- **What to produce**
Please return the whole listing exactly.
※ ※ ※
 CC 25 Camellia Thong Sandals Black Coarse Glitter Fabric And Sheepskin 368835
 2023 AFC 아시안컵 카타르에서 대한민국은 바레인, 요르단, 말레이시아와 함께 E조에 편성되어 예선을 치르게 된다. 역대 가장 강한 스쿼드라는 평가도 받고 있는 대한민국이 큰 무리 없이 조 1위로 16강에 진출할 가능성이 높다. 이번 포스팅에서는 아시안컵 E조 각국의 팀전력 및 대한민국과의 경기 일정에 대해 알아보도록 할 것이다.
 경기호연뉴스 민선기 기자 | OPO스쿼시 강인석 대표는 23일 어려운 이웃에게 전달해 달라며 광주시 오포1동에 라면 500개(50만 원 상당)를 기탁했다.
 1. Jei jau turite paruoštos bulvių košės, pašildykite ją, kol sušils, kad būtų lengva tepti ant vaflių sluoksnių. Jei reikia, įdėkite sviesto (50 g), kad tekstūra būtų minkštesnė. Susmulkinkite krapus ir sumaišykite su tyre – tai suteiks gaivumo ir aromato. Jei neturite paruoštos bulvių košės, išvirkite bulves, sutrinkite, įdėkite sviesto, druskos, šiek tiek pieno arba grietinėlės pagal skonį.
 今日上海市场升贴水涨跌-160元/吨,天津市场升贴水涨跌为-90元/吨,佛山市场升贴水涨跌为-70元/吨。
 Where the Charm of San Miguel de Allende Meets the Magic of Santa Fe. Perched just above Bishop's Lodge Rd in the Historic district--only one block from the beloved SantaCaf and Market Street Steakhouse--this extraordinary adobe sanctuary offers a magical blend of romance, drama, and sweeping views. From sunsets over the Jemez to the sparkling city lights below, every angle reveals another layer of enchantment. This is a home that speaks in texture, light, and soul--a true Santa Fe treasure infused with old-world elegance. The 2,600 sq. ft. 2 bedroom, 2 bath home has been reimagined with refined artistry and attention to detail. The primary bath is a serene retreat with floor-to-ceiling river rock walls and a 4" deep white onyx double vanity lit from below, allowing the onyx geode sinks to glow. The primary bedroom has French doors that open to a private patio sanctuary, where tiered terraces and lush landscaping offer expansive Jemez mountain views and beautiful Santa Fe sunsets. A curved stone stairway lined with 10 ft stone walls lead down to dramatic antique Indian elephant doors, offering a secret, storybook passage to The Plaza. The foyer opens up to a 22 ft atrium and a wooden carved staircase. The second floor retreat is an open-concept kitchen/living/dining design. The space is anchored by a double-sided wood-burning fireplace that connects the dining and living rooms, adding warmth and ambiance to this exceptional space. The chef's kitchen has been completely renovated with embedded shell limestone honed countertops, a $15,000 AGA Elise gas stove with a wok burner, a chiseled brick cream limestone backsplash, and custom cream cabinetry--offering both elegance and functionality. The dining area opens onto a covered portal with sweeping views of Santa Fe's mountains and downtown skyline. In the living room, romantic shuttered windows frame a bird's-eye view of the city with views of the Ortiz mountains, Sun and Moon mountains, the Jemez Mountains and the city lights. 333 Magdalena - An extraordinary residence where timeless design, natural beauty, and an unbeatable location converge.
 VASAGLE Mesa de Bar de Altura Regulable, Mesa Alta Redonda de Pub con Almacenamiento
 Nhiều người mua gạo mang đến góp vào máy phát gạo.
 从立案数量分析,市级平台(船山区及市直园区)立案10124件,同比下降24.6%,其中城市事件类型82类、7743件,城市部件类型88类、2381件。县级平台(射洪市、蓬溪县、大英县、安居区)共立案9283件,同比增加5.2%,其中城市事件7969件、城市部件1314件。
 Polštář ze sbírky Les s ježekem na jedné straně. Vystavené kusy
※ ※ ※
- **Solution for this exercise**
 CC 25 Camellia Thong Sandals Black Coarse Glitter Fabric And Sheepskin 368835
 2023 AFC 아시안컵 카타르에서 대한민국은 바레인, 요르단, 말레이시아와 함께 E조에 편성되어 예선을 치르게 된다. 역대 가장 강한 스쿼드라는 평가도 받고 있는 대한민국이 큰 무리 없이 조 1위로 16강에 진출할 가능성이 높다. 이번 포스팅에서는 아시안컵 E조 각국의 팀전력 및 대한민국과의 경기 일정에 대해 알아보도록 할 것이다.
 경기호연뉴스 민선기 기자 | OPO스쿼시 강인석 대표는 23일 어려운 이웃에게 전달해 달라며 광주시 오포1동에 라면 500개(50만 원 상당)를 기탁했다.
 1. Jei jau turite paruoštos bulvių košės, pašildykite ją, kol sušils, kad būtų lengva tepti ant vaflių sluoksnių. Jei reikia, įdėkite sviesto (50 g), kad tekstūra būtų minkštesnė. Susmulkinkite krapus ir sumaišykite su tyre – tai suteiks gaivumo ir aromato. Jei neturite paruoštos bulvių košės, išvirkite bulves, sutrinkite, įdėkite sviesto, druskos, šiek tiek pieno arba grietinėlės pagal skonį.
 今日上海市场升贴水涨跌-160元/吨,天津市场升贴水涨跌为-90元/吨,佛山市场升贴水涨跌为-70元/吨。
 Where the Charm of San Miguel de Allende Meets the Magic of Santa Fe. Perched just above Bishop's Lodge Rd in the Historic district--only one block from the beloved SantaCaf and Market Street Steakhouse--this extraordinary adobe sanctuary offers a magical blend of romance, drama, and sweeping views. From sunsets over the Jemez to the sparkling city lights below, every angle reveals another layer of enchantment. This is a home that speaks in texture, light, and soul--a true Santa Fe treasure infused with old-world elegance. The 2,600 sq. ft. 2 bedroom, 2 bath home has been reimagined with refined artistry and attention to detail. The primary bath is a serene retreat with floor-to-ceiling river rock walls and a 4" deep white onyx double vanity lit from below, allowing the onyx geode sinks to glow. The primary bedroom has French doors that open to a private patio sanctuary, where tiered terraces and lush landscaping offer expansive Jemez mountain views and beautiful Santa Fe sunsets. A curved stone stairway lined with 10 ft stone walls lead down to dramatic antique Indian elephant doors, offering a secret, storybook passage to The Plaza. The foyer opens up to a 22 ft atrium and a wooden carved staircase. The second floor retreat is an open-concept kitchen/living/dining design. The space is anchored by a double-sided wood-burning fireplace that connects the dining and living rooms, adding warmth and ambiance to this exceptional space. The chef's kitchen has been completely renovated with embedded shell limestone honed countertops, a $15,000 AGA Elise gas stove with a wok burner, a chiseled brick cream limestone backsplash, and custom cream cabinetry--offering both elegance and functionality. The dining area opens onto a covered portal with sweeping views of Santa Fe's mountains and downtown skyline. In the living room, romantic shuttered windows frame a bird's-eye view of the city with views of the Ortiz mountains, Sun and Moon mountains, the Jemez Mountains and the city lights. 333 Magdalena - An extraordinary residence where timeless design, natural beauty, and an unbeatable location converge.
 VASAGLE Mesa de Bar de Altura Regulable, Mesa Alta Redonda de Pub con Almacenamiento
 Nhiều người mua gạo mang đến góp vào máy phát gạo.
 从立案数量分析,市级平台(船山区及市直园区)立案10124件,同比下降24.6%,其中城市事件类型82类、7743件,城市部件类型88类、2381件。县级平台(射洪市、蓬溪县、大英县、安居区)共立案9283件,同比增加5.2%,其中城市事件7969件、城市部件1314件。
 Polštář ze sbírky Les s ježekem na jedné straně. Vystavené kusy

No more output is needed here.